Mas allá del postparto, las fases de la rivalidad y los celos

A pesar de todos nuestros cuidados, la hostilidad del hijo mayor a veces no puede ser eliminada completamente. Es un elemento normal en la relación de hermanos y que a futuro le permitirá aprender a vivir los celos en sus vida adulta.
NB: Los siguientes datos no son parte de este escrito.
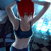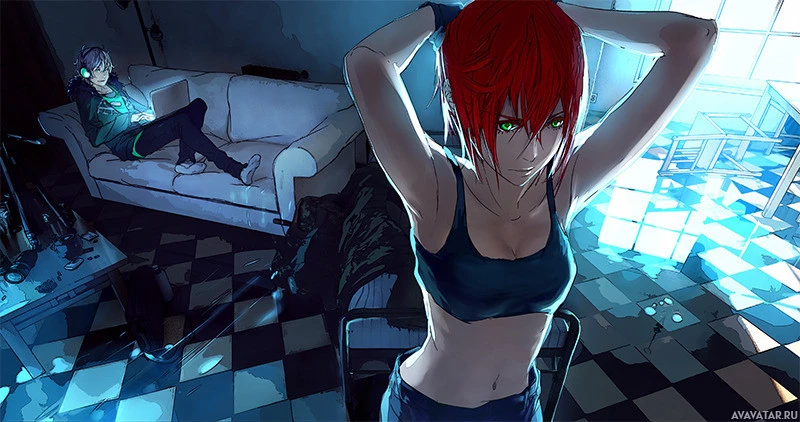 female character with striking red hair. She is posing in a room that appears to be somewhat dilapidated, as suggested by the peeling wallpaper and the dimly
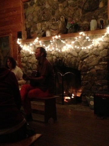Sitting in the dark lodge, lit only with twinkle lights... Listening to people play all kinds of weird instruments and sing parts of songs that no one really knows the words to....
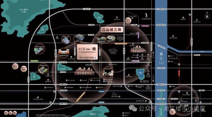 【臻稀生态】隔路即岳鞍阁公园,西接“长沙第二大生态绿肺”谷山森林公园,约2公里内汇集汉长沙遗址公园、潇湘风光带
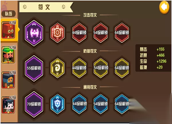 (2)符文 符文分4种类的符文,分别是攻击符文,防御符文,通用符文和精华符文,随着等级和转生等级解锁符文格
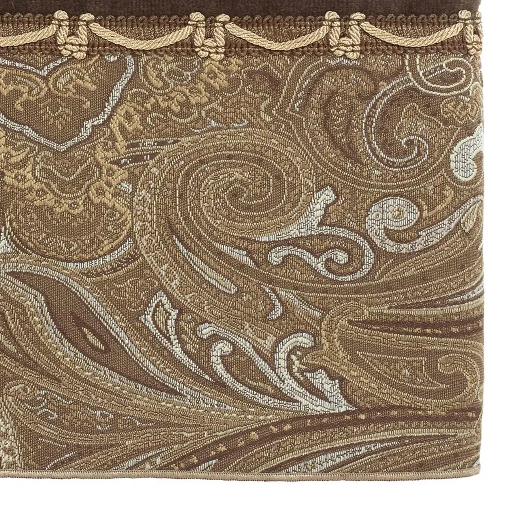 The Avanti Bradford Java Decorative Embellished Bath Towel is bordered with a rich brown, blue and gold jacquard paisley fabric finished with an elegant gold and brown trim. The 27" x 50" velour java brown towel is 100% cotton. Other colors and sizes available.
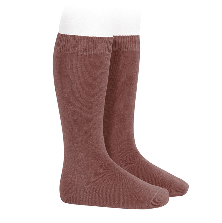 Plain stitch cotton basic knee-high socks. Available in more than 60 colours. Match it with our knitted cardigans and hair accessories.
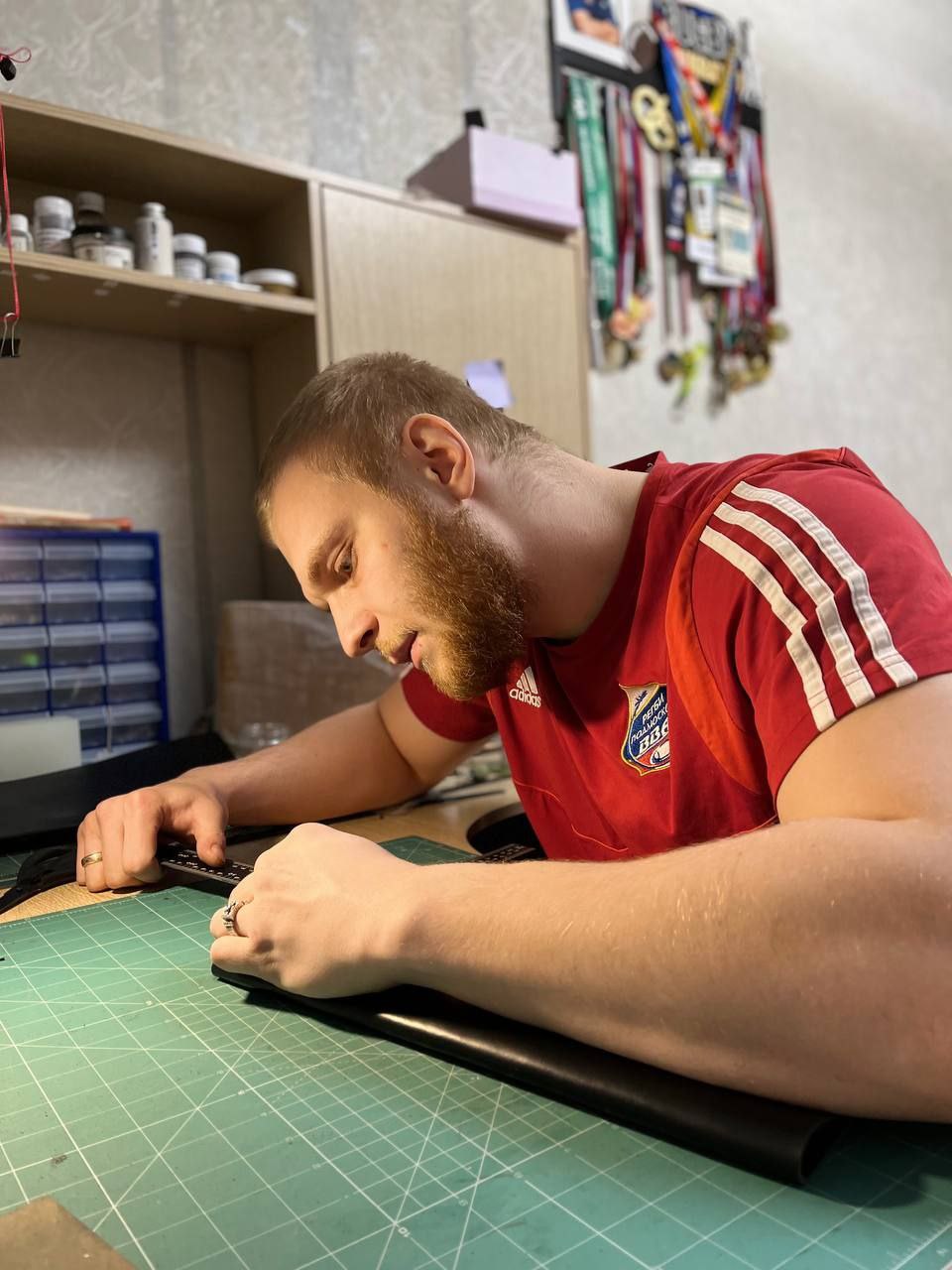 - В одной из ваших социальных сетей мы обнаружили необычное хобби. Расскажите об этом? С чего все началось? - Да, помимо регби, я решил развиваться в чем-то ещё, и выбрал для этого кожевенное ремесло. Началось все с того, что летом я восстанавливался от травмы и не мог в полной мере тренироваться. Появилось свободное время и его чем-то нужно было занять. Решил попробовать купить некоторые инструменты для этого и кожу. Первое моё изделие это была обложка для паспорта (вся кривая, косая, несуразная), которую утащила моя любимая жена и не хочет с ней расставаться. В дальнейшем были изделия уже сложнее и все кому я их показывал говорили: "Очень круто получается", также подбадривали не останавливаться и не забрасывать это дело. Сейчас уже делаю изделия на заказ и просто кайфую от этого.

La rivalidad no se ve necesariamente desde el primer momento, puede haber picos de celos seguidos de etapas de equilibrio. Muchas veces hasta que el bebé no cumple el año los niños mayores no expresan su rivalidad directa. Por ejemplo, en el segundo año puede suceder que los hermanos se enfrenten finalmente como adversarios en competición directa por objetos o personas, en especial la madre.  Es en este momento que el bebé empieza a caminar y a interactuar como un niño, a quitarle, destruir y romperle cosas.

Cuando los niños crecen hay que intentar mantener los espacios de atención exclusiva con cada uno. Es bonito hacer cosas en familia pero es necesario que cada niño se sienta único y especial en algunos momentos. Los padres se pueden turnar para darle a los hijos estos momento de atención especial y exclusiva. Muchas veces con sólo salir de la rutina y darles un abrazo o decirles como nos sentimos se aplacan los celos y la rivalidad.